1. ## Area

Let R be the region bounded by the graph of y=(1/x)(ln(x)), the x axis, and the line x=e. Find the area of the region.

So i found that (1/x)(lnx) intersects the x axis at 1 so to solve for the area we would find the intergral of (1/x)(lnx) from 1-e. How would i find the antiderivative of (1/x)(lnx) and is my method right? This is a Calc AB problem

2. Originally Posted by calc_help123
Let R be the region bounded by the graph of y=(1/x)(ln(x)), the x axis, and the line x=e. Find the area of the region.

So i found that (1/x)(lnx) intersects the x axis at 1 so to solve for the area we would find the intergral of (1/x)(lnx) from 1-e. How would i find the antiderivative of (1/x)(lnx) and is my method right?
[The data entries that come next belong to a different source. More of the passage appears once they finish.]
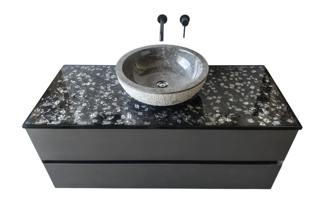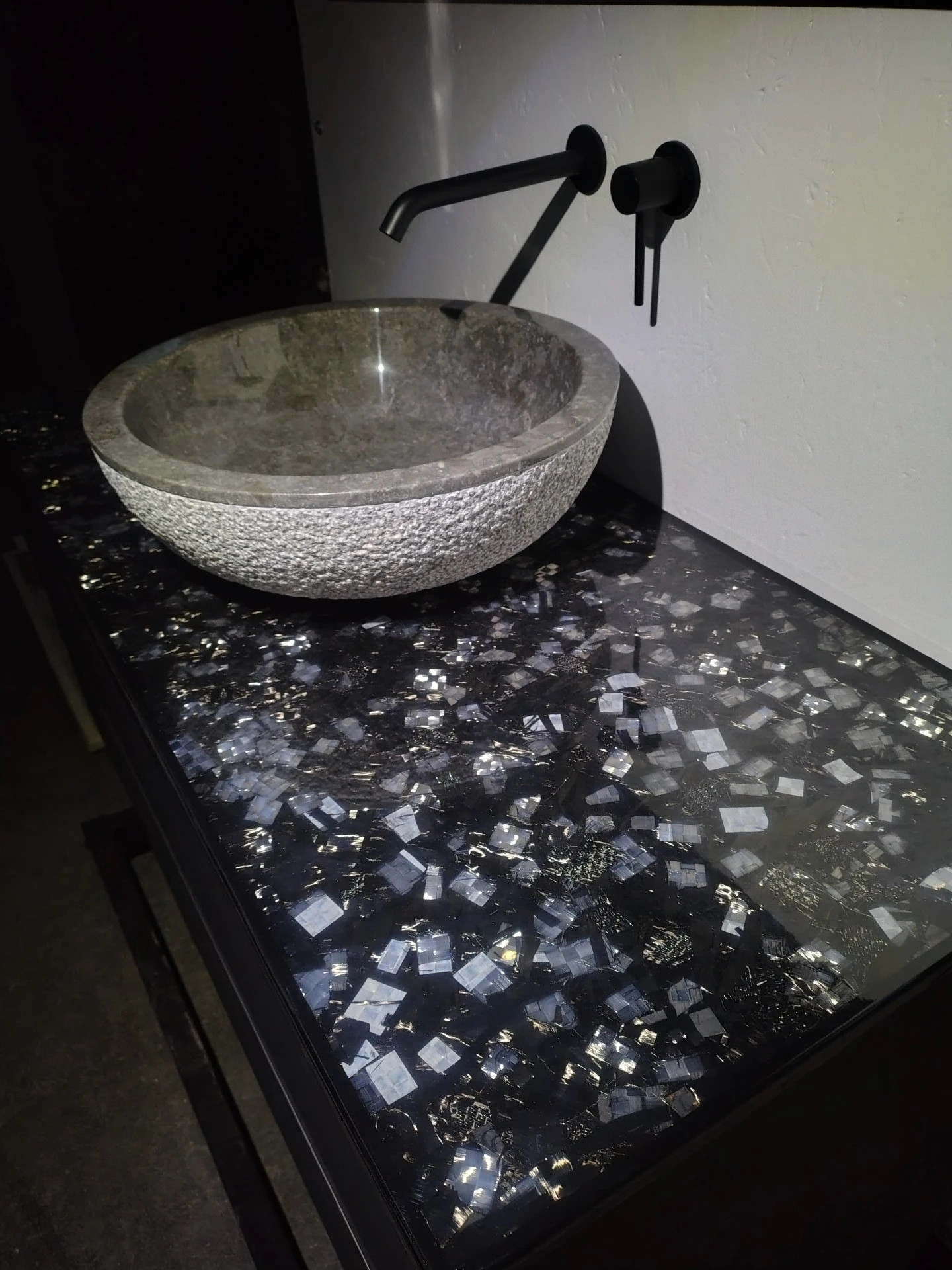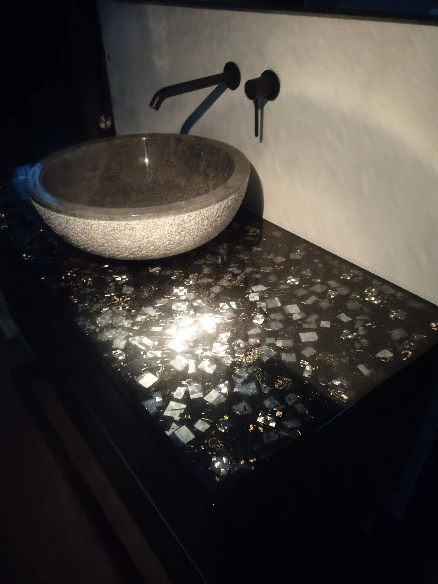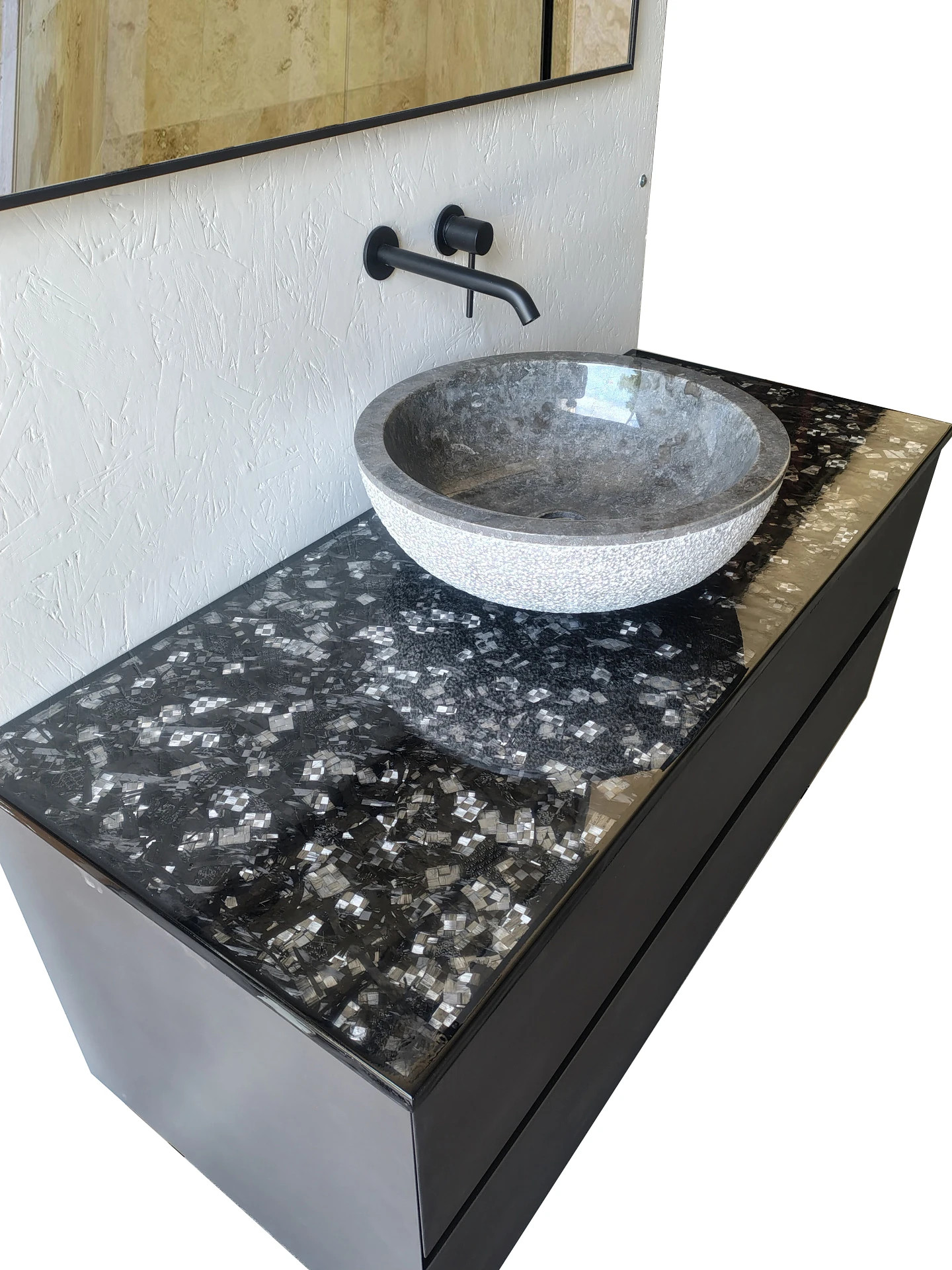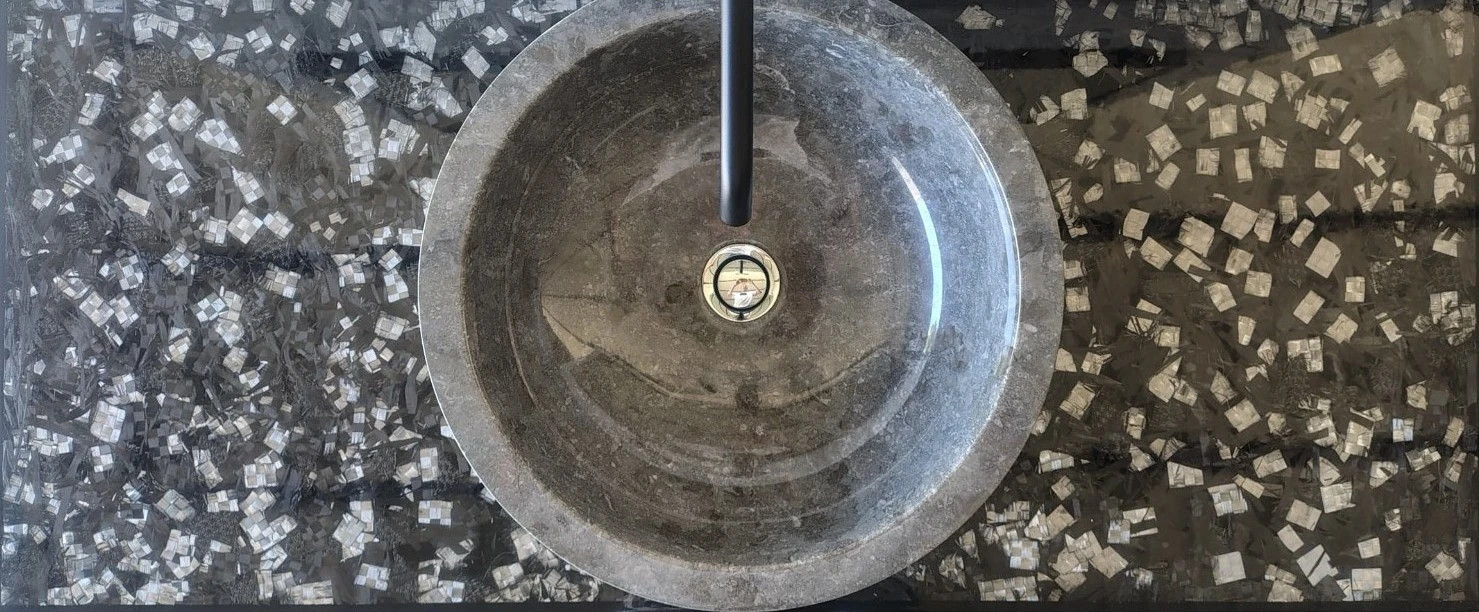 resina cristallina antigraffio coordinato da un lavello di pietra con
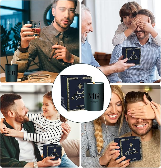 Scented Candle Gifts Set - Men Candle Set, Scented Candles for Home, Gifts for Men Aromatherapy Gift Set, Ideal for Dad Fathers Day Husband Boyfriend (Smoke & Vanilla)
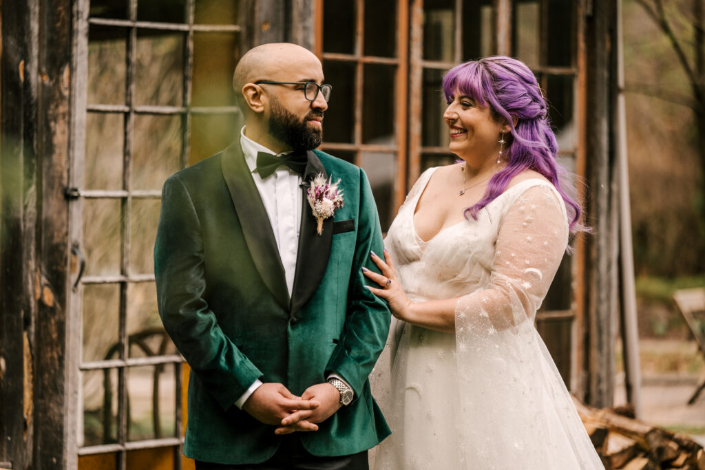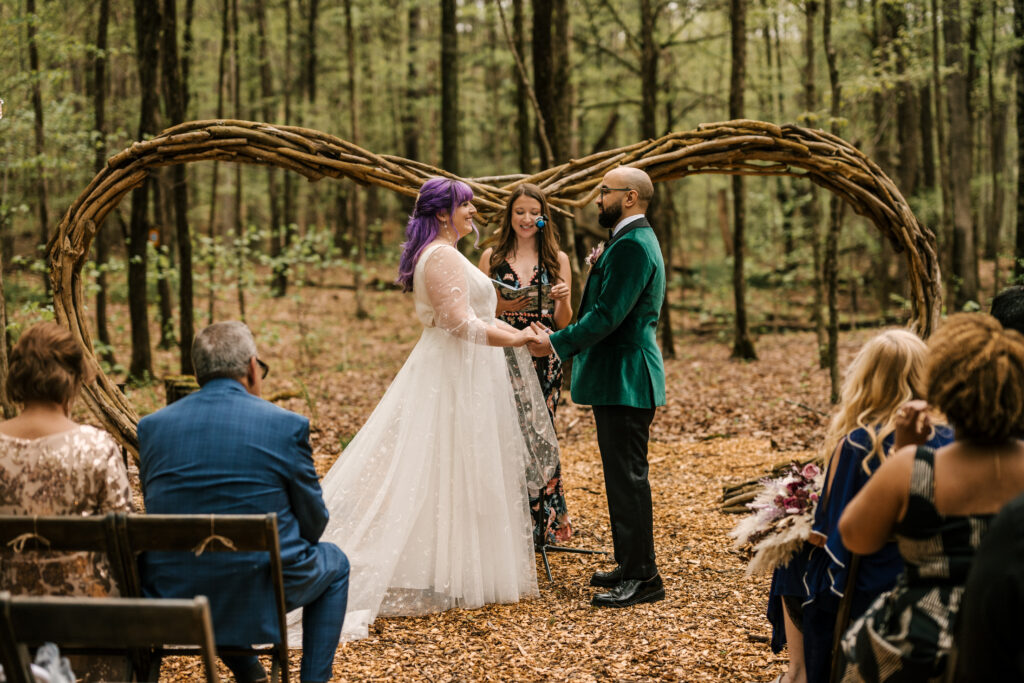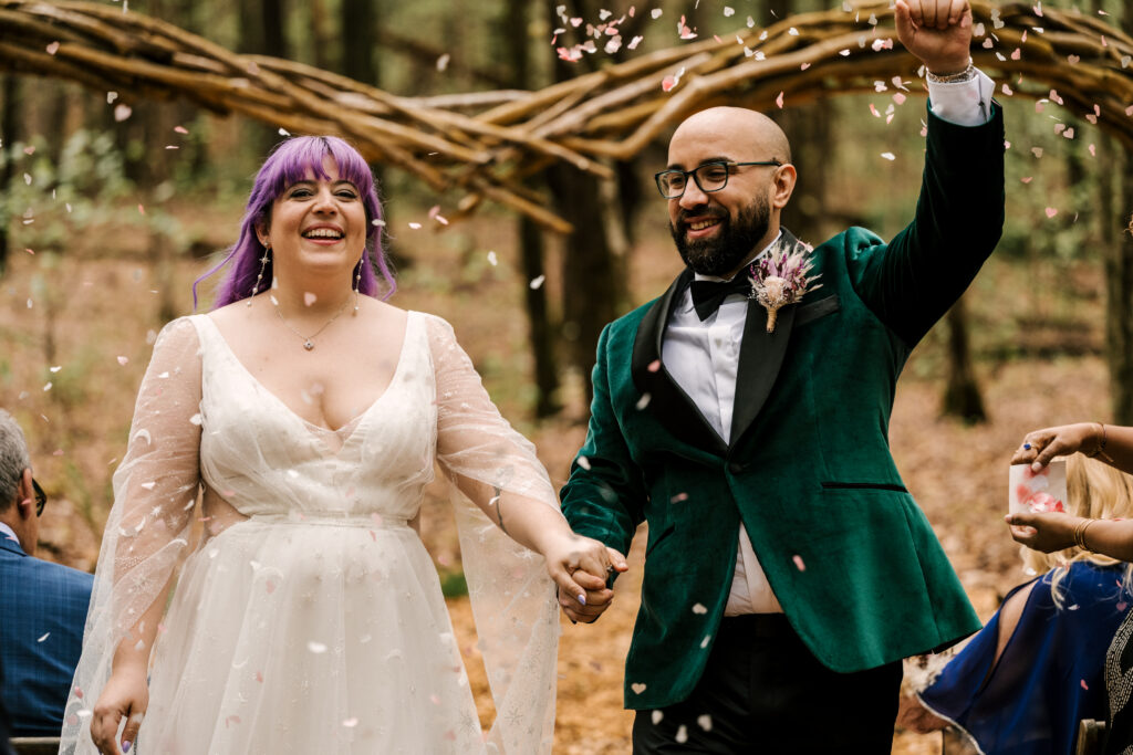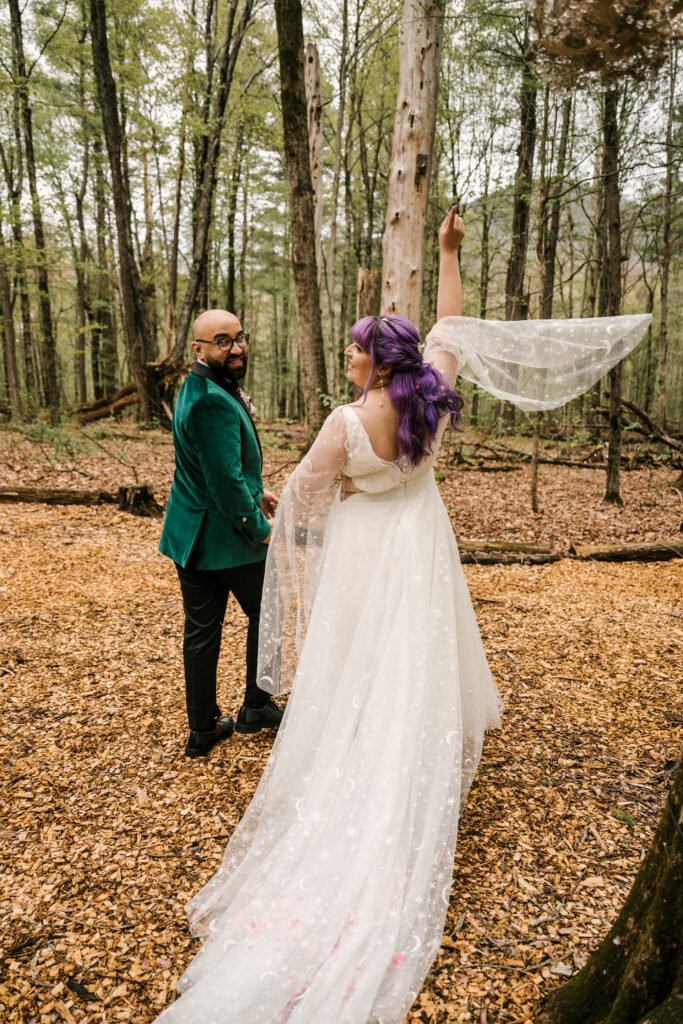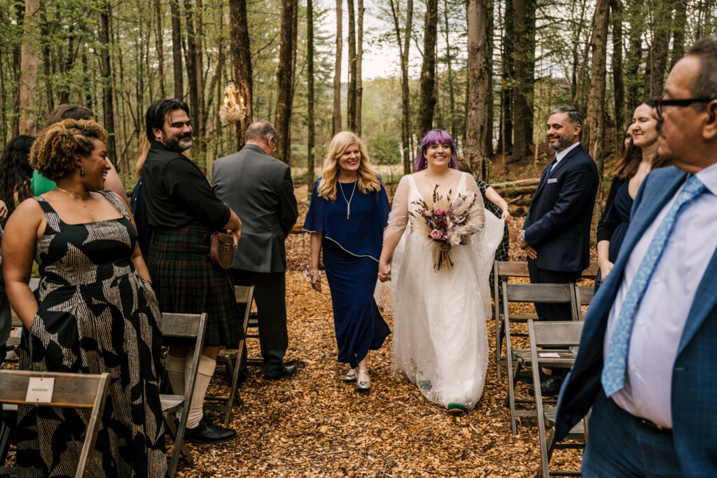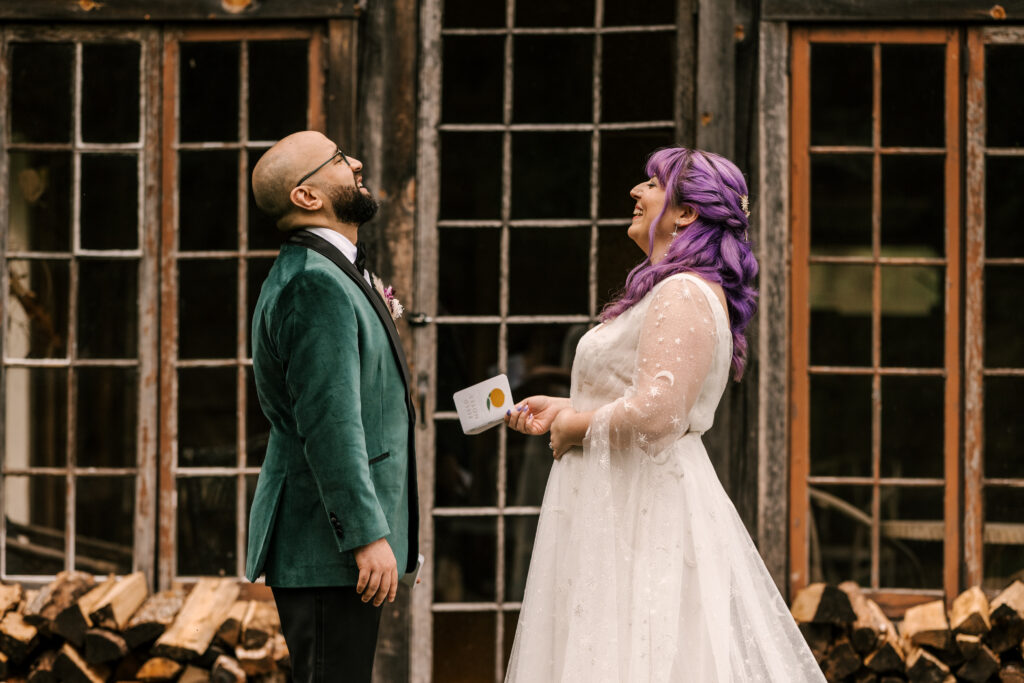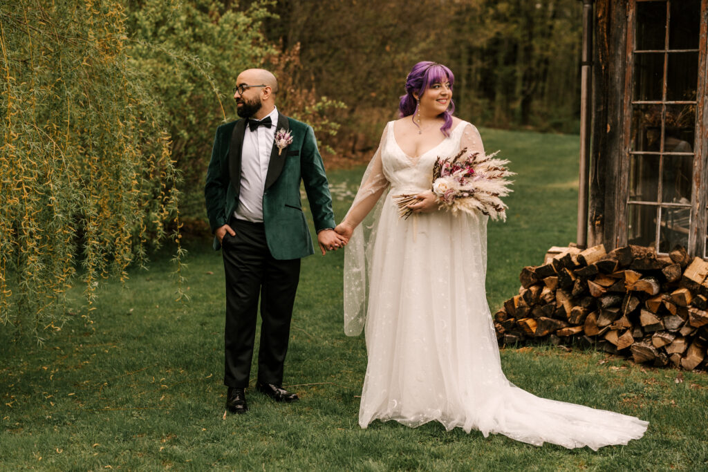 Katie and Jorge’s April wedding at Foxfire Mountain House in the Catskills of New York was intimate, intentional, and filled with love. It was a perfectly overcast day with some spring showers right before the ceremony began. The whole venue was picturesque, complete with endless acres of greenery, a stunning glass house and woodland magic.
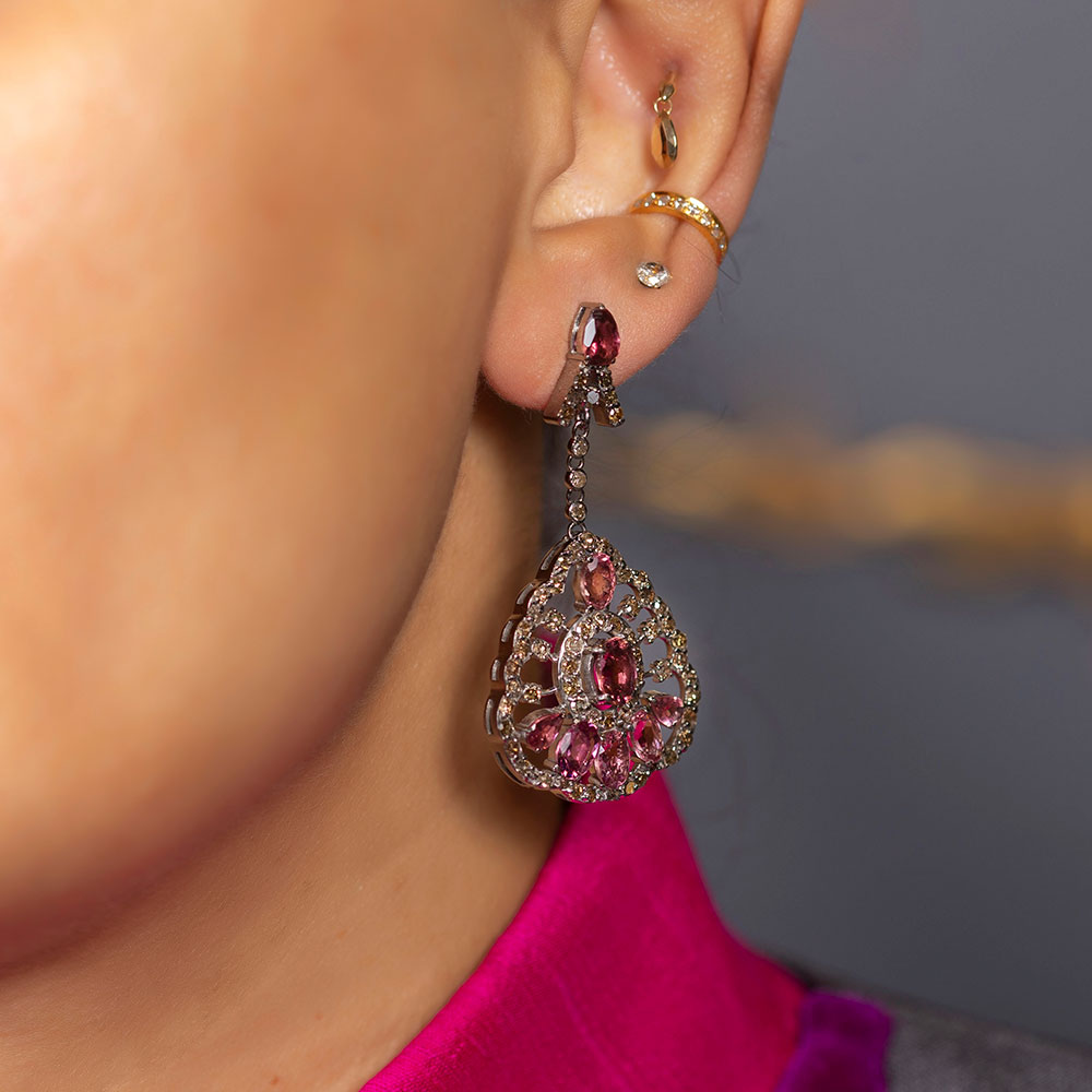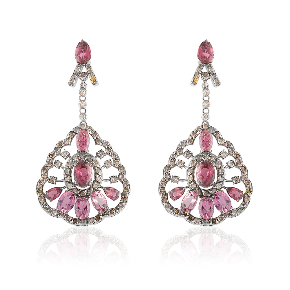 Delicately hand made with 8.82 carat of natural tourmaline and 2.97 carat of natural single cut diamonds set on silver with 14kt gold push backs for the ear lobes.
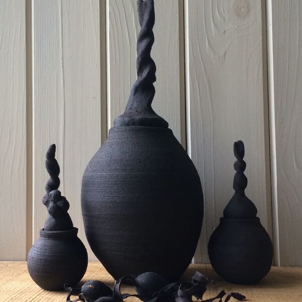 sculptural ceramics related to Bladderwrack seaweed, and sea water/waves patterns

This is a Calc AB problem
Integrate the function from 1 to e.

use the substitution $\displaystyle \ln x = u$

$\displaystyle \frac{1}{x}dx = du$

The integral comes out $\displaystyle \frac{(\ln x)^2}{2}$

Finish it.

See the attached graph

3. I misunderstood this problem. when they said $\displaystyle x=e$ for some reason i thought they meant $\displaystyle x=e^y$ so then i tried to solve for y. now it makes sense.

so the final product would be $\displaystyle \int_1^e$$\displaystyle \frac{1}{x}\ln(x)$ = $\displaystyle .5$

correct?